• ACTIVITY:
The required result is an exact copy of the lines from the one containing "Delicioso todo! Tienen" to the last line of the records, both ends included, without pictures.

• ENTRIES SUPPLIED:

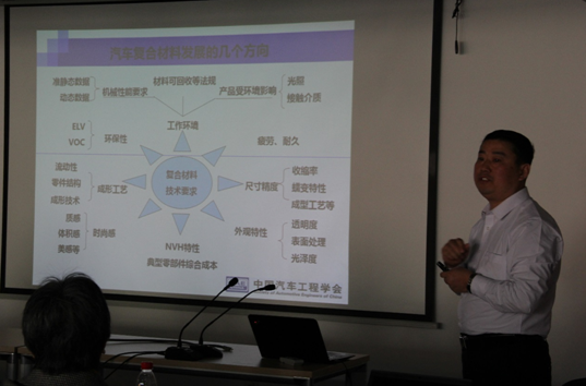 随后,杨洁部长以汽车的整个生命周期为背景,结合自己丰富的工程经验,重点讲述了我国中短期树脂基复合材料发展趋势和汽车企业零部件开发中对复合材料的要求,对复合材料的开发与工程应用提出了几点独到的建议。
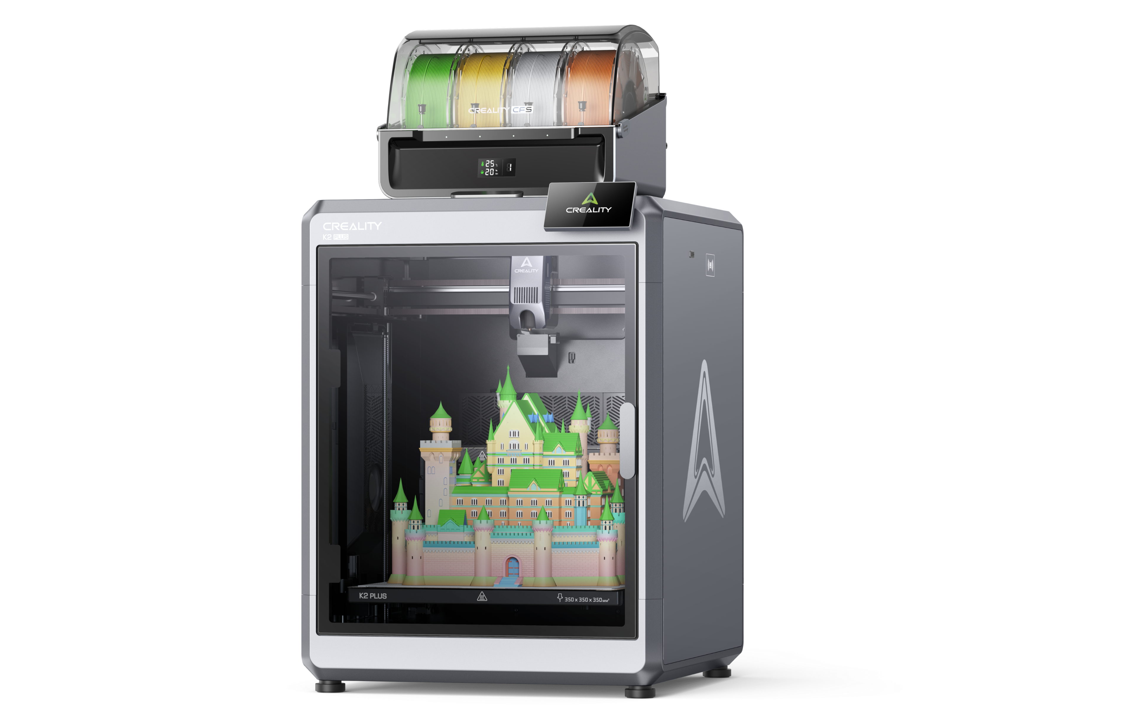 Multi-Color Printing; Full-auto Calibration; Active Flow Rate Compensation; 256 x 256 x 256mm Print Size. Full-size build volume, fully automated calibration, multi-color printing with AMS lite, a perfect gateway to 3D printing.
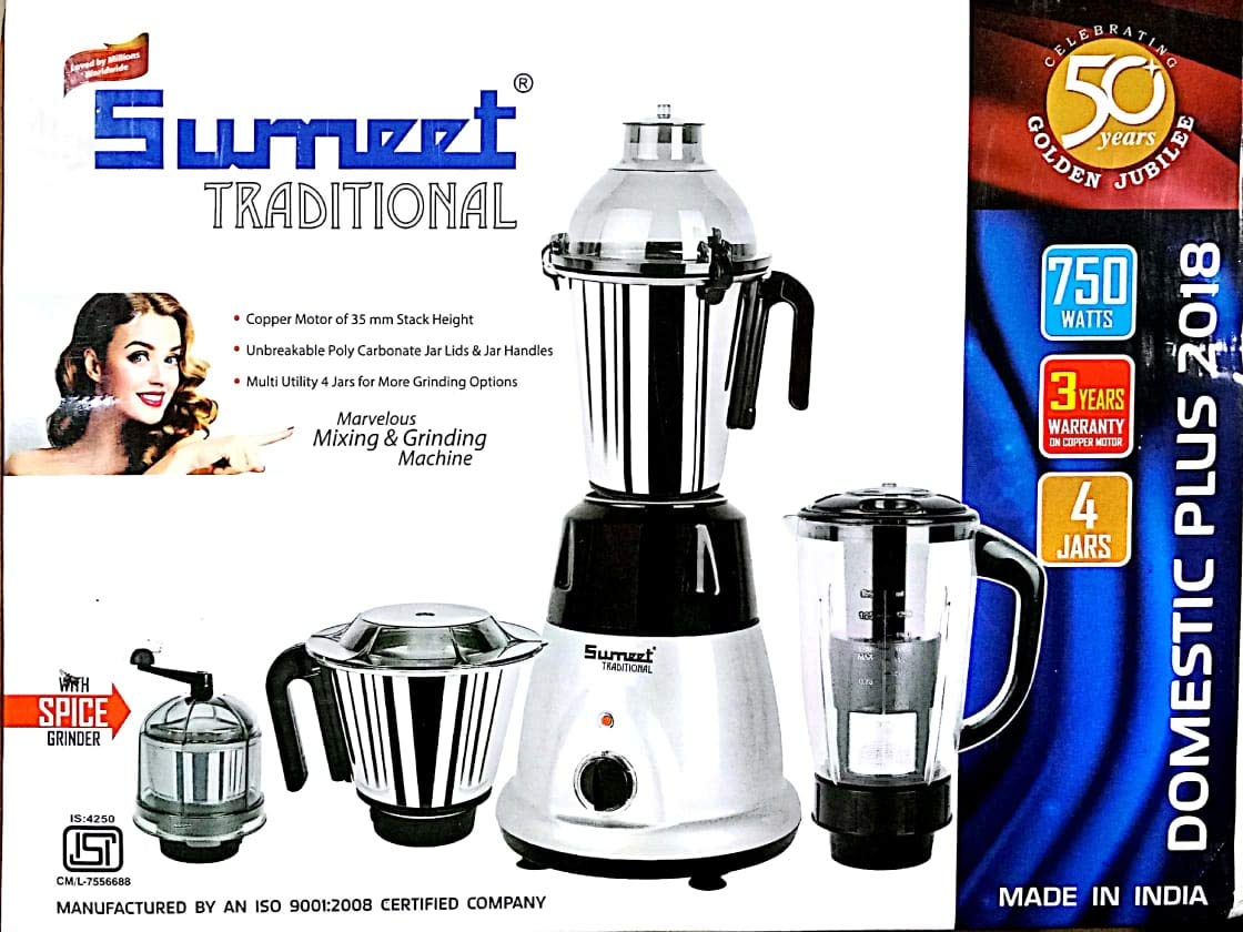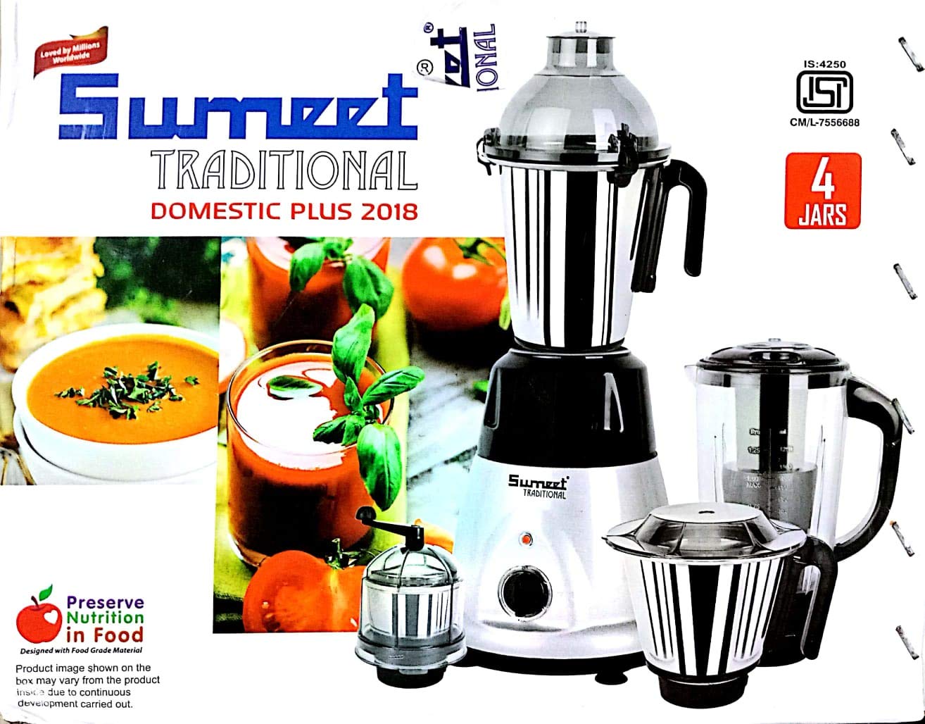 Sumeet Traditional Domestic Plus 2018 750W Mixer Grinder with 4 Jars, White
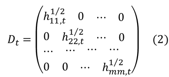 Dentro de la ecuación 1, 𝐷𝑡 representa la matriz diagonal de las desviaciones estándar condicionales, la cual se expresa en la ecuación 2 y se puede hallar mediante una estructura GARCH univariada que toma la forma de:
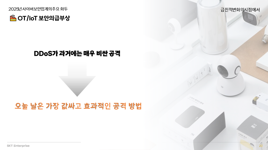 과거에는 대규모 트래픽을 만들어내려면 많은 비용과 자원이 필요했기 때문에 DDoS 공격은 매우 비싼 공격 방식이었습니다. 그러나 오늘날에는 수많은 IoT 기기들이 인터넷에 연결되고, 기본 보안 설정이 취약한 상태로 방치되면서 손쉽게 봇넷(해커가 원격 조종하는 감염 기기들의 네트워크)으로 악용되고 있습니다. 그 결과 DDoS는 가장 저렴하고 효과적인 공격 수단으로 자리잡게 되었습니다.
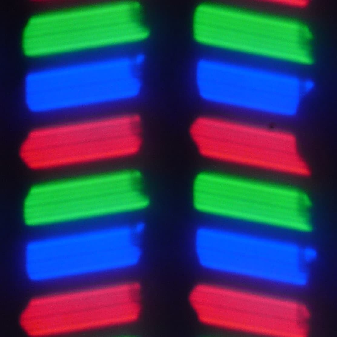 В данном смартфоне используется матрица типа IPS. Микрофотографии демонстрируют типичную для IPS структуру субпикселей:
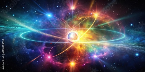 © Vibrant Visions Pixe, Naklejka premium Cosmic Atomic Structure A Vibrant Visualization of Subatomic Particles Orbiting a Central Core within a Nebula of Glowing Gases and Dust
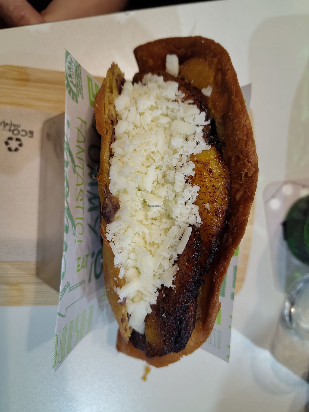Delicioso todo! Tienen tanto arepas como chapas, empanadas operadas y pabellón que se pueden veganizar. Comimos dos empanadas operadas, una reina pepiada con caraotas y queso vegano y otra de pabellón riquísimas. Además pedimos tequeños veganos que estaban muy ricos.
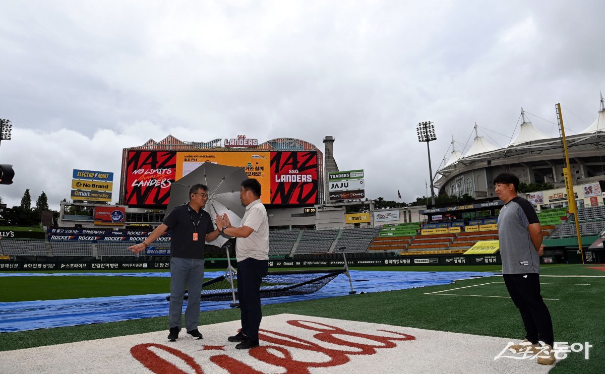29일 인천 SSG 랜더스필드에서 열릴예정인 ‘2023 신한은행 SOL KBO리그’ SSG 랜더스와 키움 히어로즈의 경기가 우천으로 인해 취소되었다. 박종훈 감독관이 야구장 관계자들과 그라운드 상태를 이야기하고 있다.
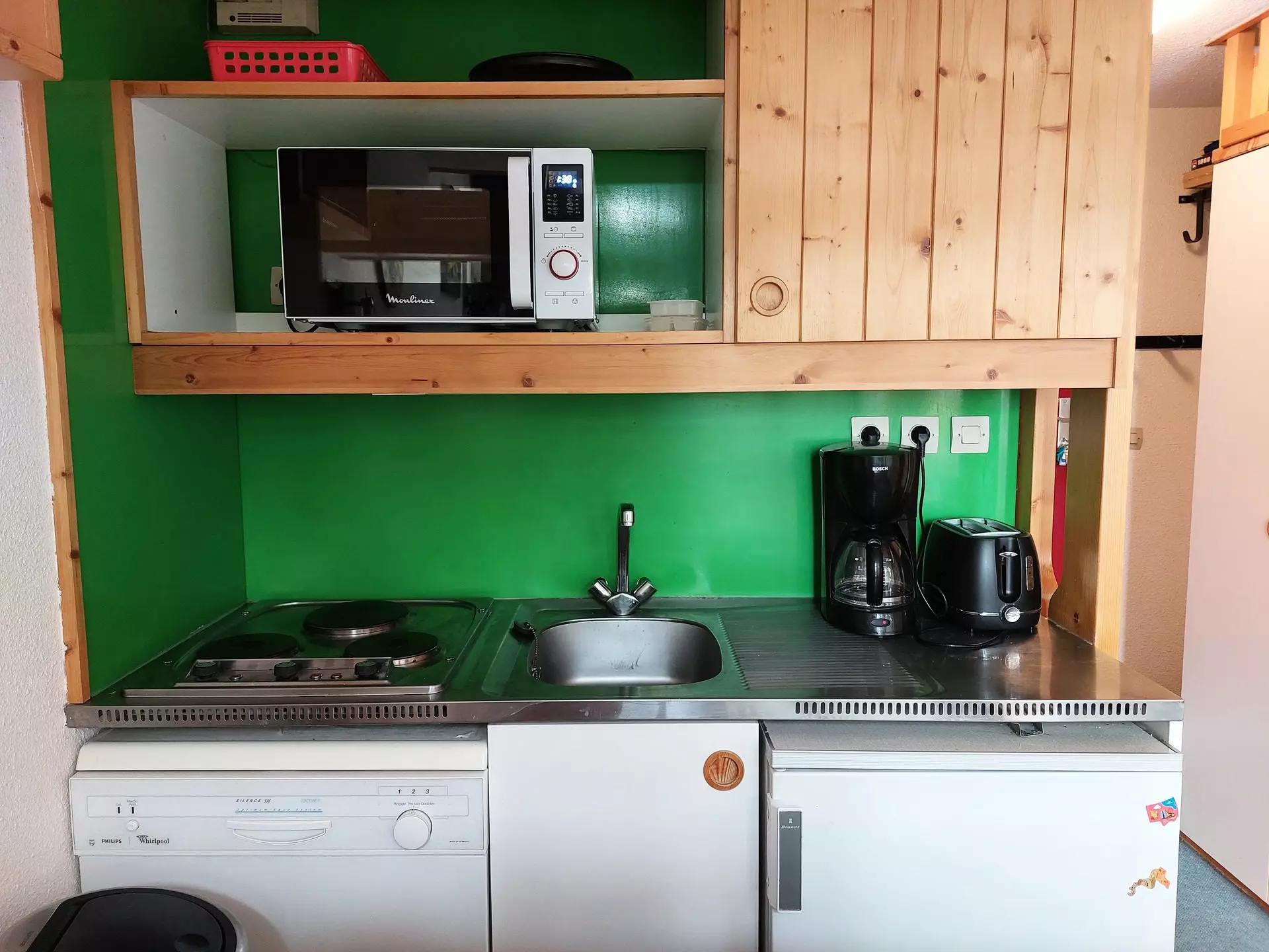 Fully equipped with a refrigerator, dishwasher, toaster, kettle, coffee maker and combi-grill microwave.
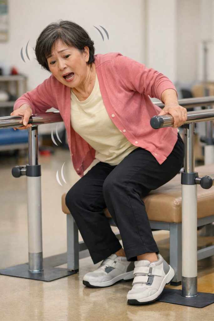 ・平行棒内でも急に立ち上がろうとしてふらつき・転倒リスクが高い

• ANSWER TO THIS PROBLEM:
Delicioso todo! Tienen tanto arepas como chapas, empanadas operadas y pabellón que se pueden veganizar. Comimos dos empanadas operadas, una reina pepiada con caraotas y queso vegano y otra de pabellón riquísimas. Además pedimos tequeños veganos que estaban muy ricos.
29일 인천 SSG 랜더스필드에서 열릴예정인 ‘2023 신한은행 SOL KBO리그’ SSG 랜더스와 키움 히어로즈의 경기가 우천으로 인해 취소되었다. 박종훈 감독관이 야구장 관계자들과 그라운드 상태를 이야기하고 있다.
 Fully equipped with a refrigerator, dishwasher, toaster, kettle, coffee maker and combi-grill microwave.
 ・平行棒内でも急に立ち上がろうとしてふらつき・転倒リスクが高い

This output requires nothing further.